◆ What you should do: Leaving the images out, output each entry below exactly.

(Beginning of Input)

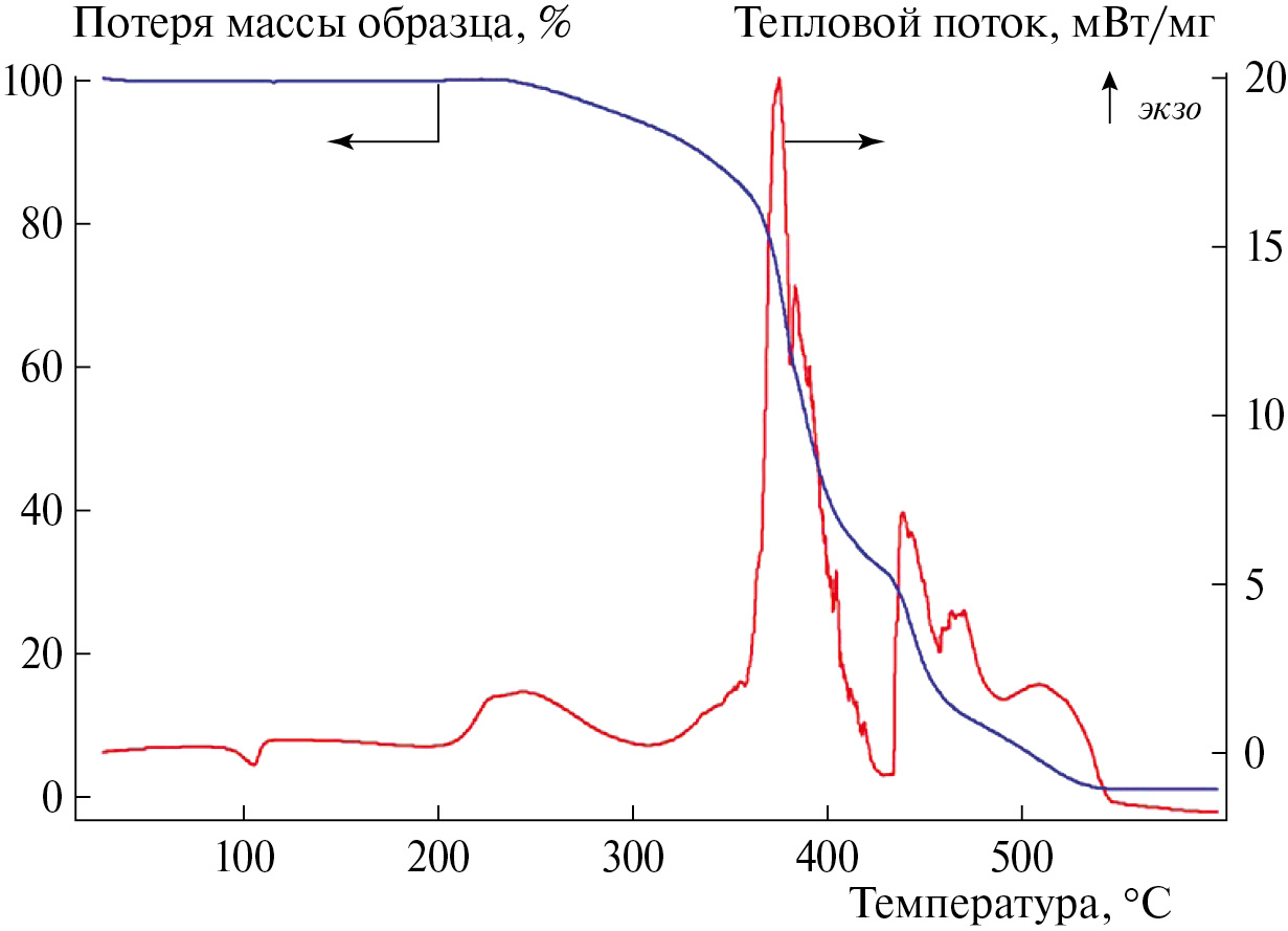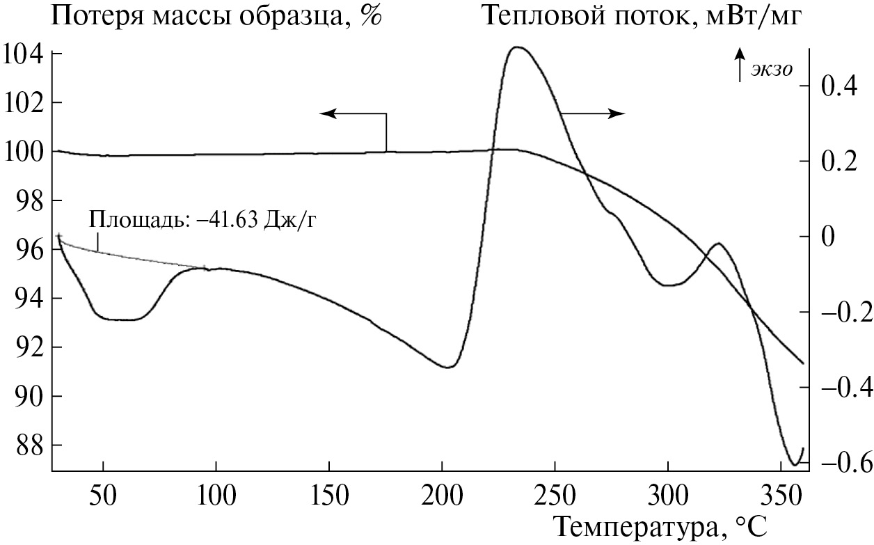 Рис. 7. Синхронный ТГ/ДСК-анализ СЭО в диапазоне температур 20–350 °С.
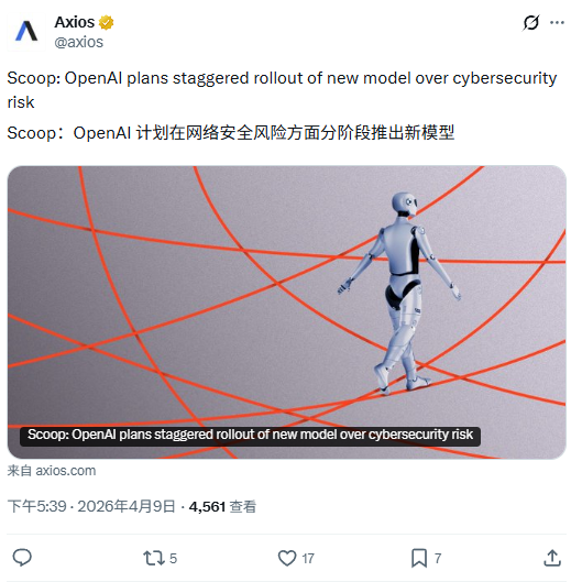 IT之家 4 月 9 日消息,知情人士向 Axios 透露,OpenAI 正在完善一款具备高级网络安全能力的模型,但计划仅向一小部分公司开放,这一做法与 Anthropic 此前对 Mythos 模型采取的限制性发布类似。
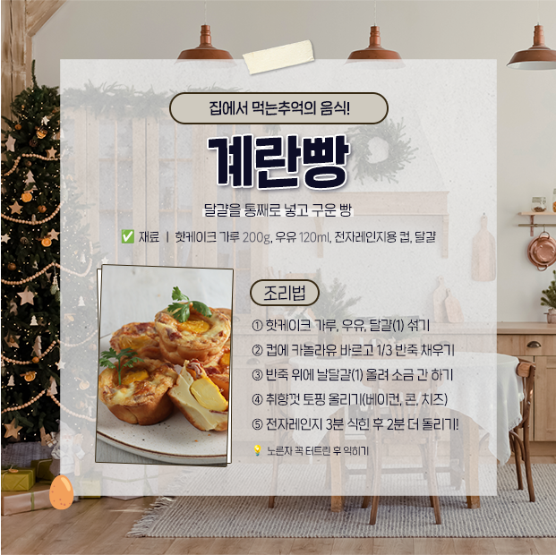 먼저 소개할 레시피는 겨울철 간식의 대표주자, 계란빵입니다. 간단한 재료로 만들 수 있는 이 간식은 누구나 쉽게 따라 할 수 있습니다.
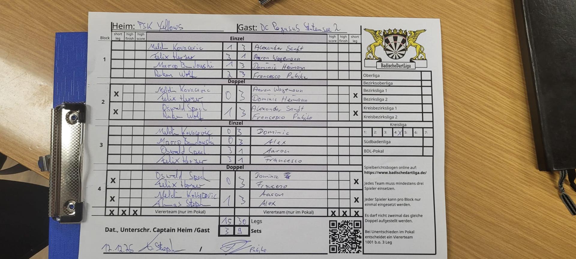 | Ergebnis: | 15 : 30 | - Legs | ||||||
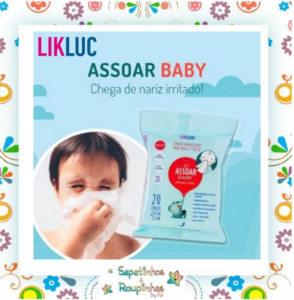 Assoar Baby Lenços Umedecidos com Solução Salina O produto que toda mamãe estava procurando chegou!!! Acabou nariz escorrendo ou rosto irritado e vermelhinho por conta de limpar com papel. O Assoar Baby é a solução do seu problema é mais novo integrante da família do Aspirar Baby, os lenços umedecidos com soro fisiológico para nariz e rosto. Os narizinhos mais limpos do que nunca, sem todo aquele choro. Diferente dos lenços comuns, sua fórmula exclusiva possui solução salina e ingredientes naturais para a correta limpeza do nariz do bebê.
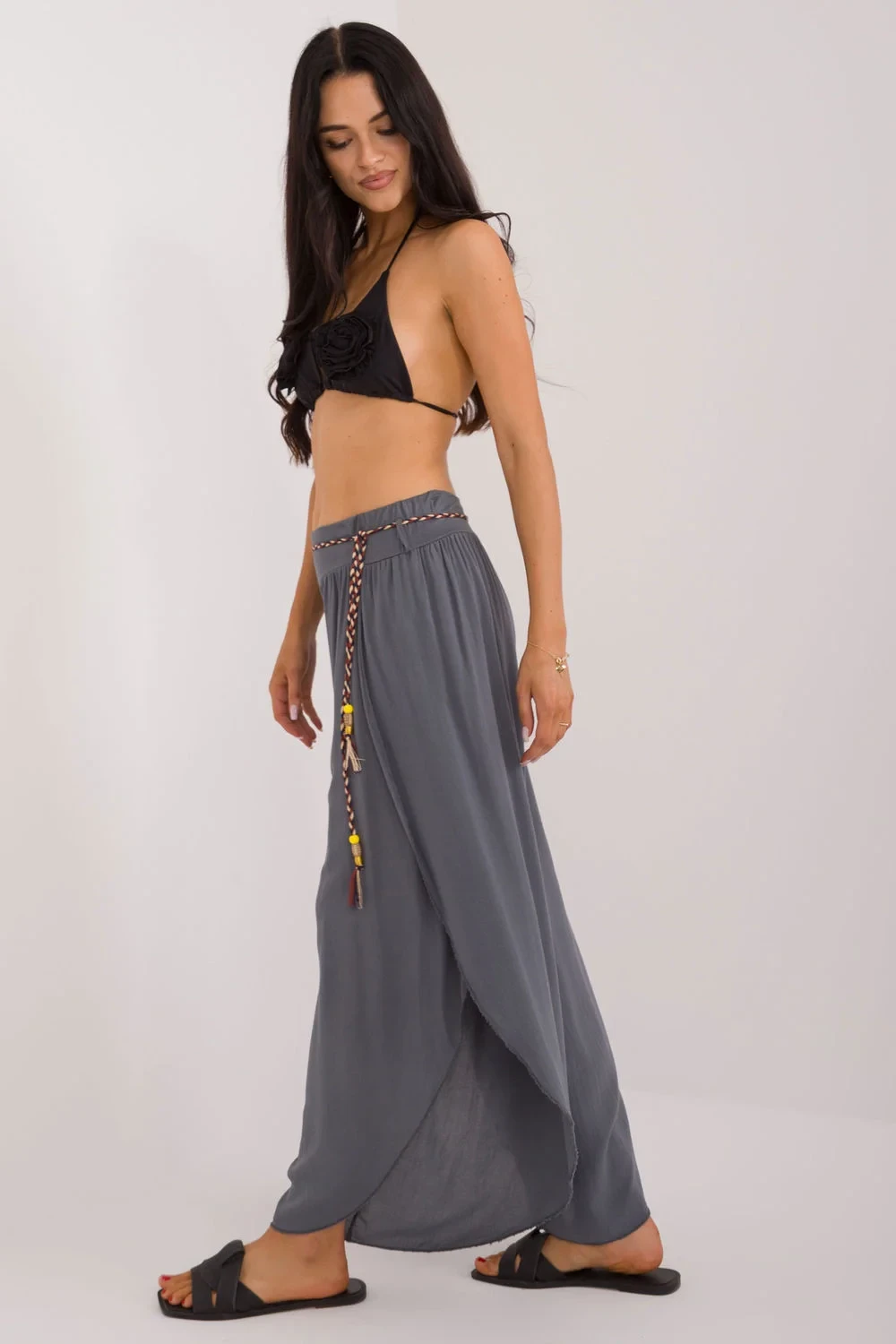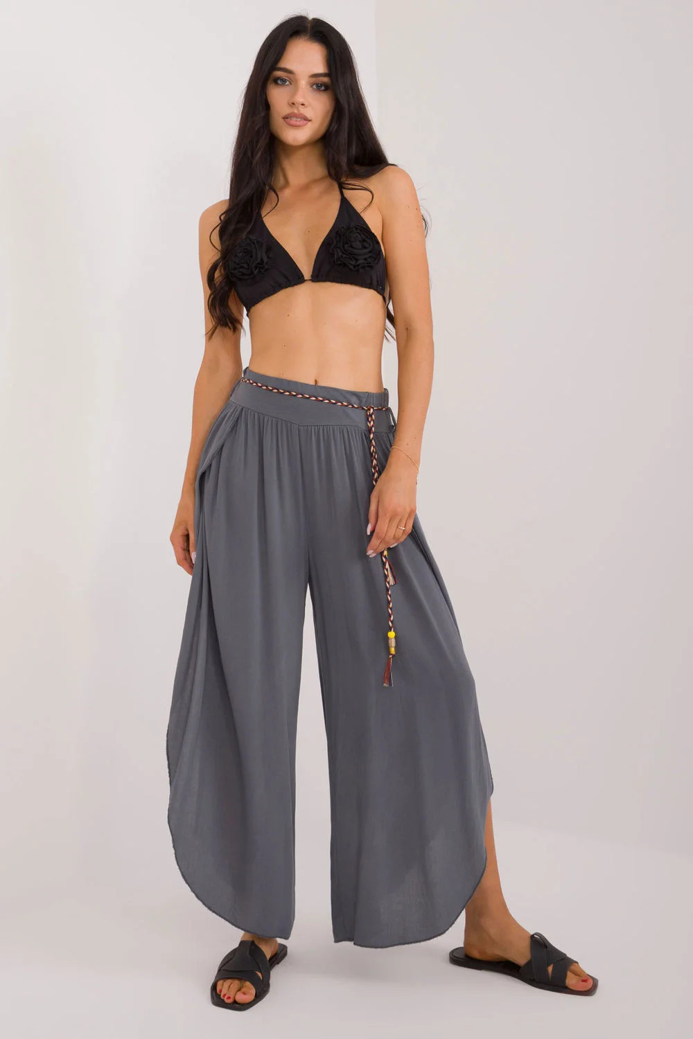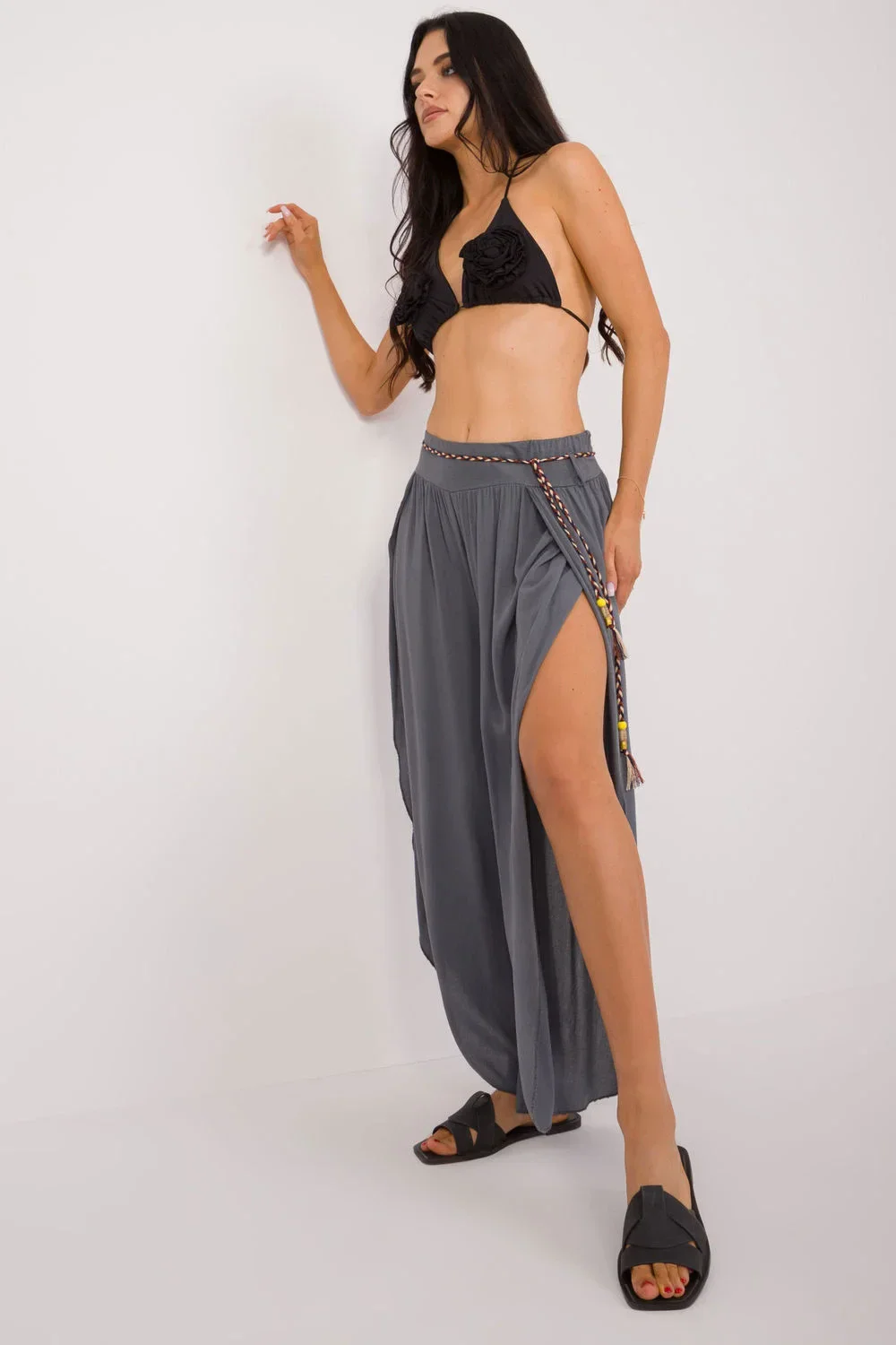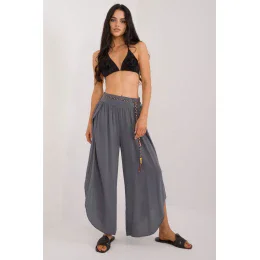 Kalhoty se švem jsou ideální volbou pro každodenní nošení. Jsou vyrobeny z hladké tkaniny, mají vysoký pas, který zvýrazňuje pas a zajišťuje pohodlné nošení. Jejich široké nohavice s rozparkem dodávají lehkost a volnost pohybu. Kalhoty mají v pase zavazování pro dokonalé přizpůsobení. Mají minimalistický design bez kapes, což jim dodává na eleganci a jednoduchosti. Kalhoty se švy v boho stylu, které jsou ideální pro neformální setkávání i každodenní nošení, jsou pohodlným a módním kouskem šatníku.

(End of Input)

◆ Result:
 Рис. 7. Синхронный ТГ/ДСК-анализ СЭО в диапазоне температур 20–350 °С.
 IT之家 4 月 9 日消息,知情人士向 Axios 透露,OpenAI 正在完善一款具备高级网络安全能力的模型,但计划仅向一小部分公司开放,这一做法与 Anthropic 此前对 Mythos 模型采取的限制性发布类似。
 먼저 소개할 레시피는 겨울철 간식의 대표주자, 계란빵입니다. 간단한 재료로 만들 수 있는 이 간식은 누구나 쉽게 따라 할 수 있습니다.
 | Ergebnis: | 15 : 30 | - Legs | ||||||
 Assoar Baby Lenços Umedecidos com Solução Salina O produto que toda mamãe estava procurando chegou!!! Acabou nariz escorrendo ou rosto irritado e vermelhinho por conta de limpar com papel. O Assoar Baby é a solução do seu problema é mais novo integrante da família do Aspirar Baby, os lenços umedecidos com soro fisiológico para nariz e rosto. Os narizinhos mais limpos do que nunca, sem todo aquele choro. Diferente dos lenços comuns, sua fórmula exclusiva possui solução salina e ingredientes naturais para a correta limpeza do nariz do bebê.
 Kalhoty se švem jsou ideální volbou pro každodenní nošení. Jsou vyrobeny z hladké tkaniny, mají vysoký pas, který zvýrazňuje pas a zajišťuje pohodlné nošení. Jejich široké nohavice s rozparkem dodávají lehkost a volnost pohybu. Kalhoty mají v pase zavazování pro dokonalé přizpůsobení. Mají minimalistický design bez kapes, což jim dodává na eleganci a jednoduchosti. Kalhoty se švy v boho stylu, které jsou ideální pro neformální setkávání i každodenní nošení, jsou pohodlným a módním kouskem šatníku.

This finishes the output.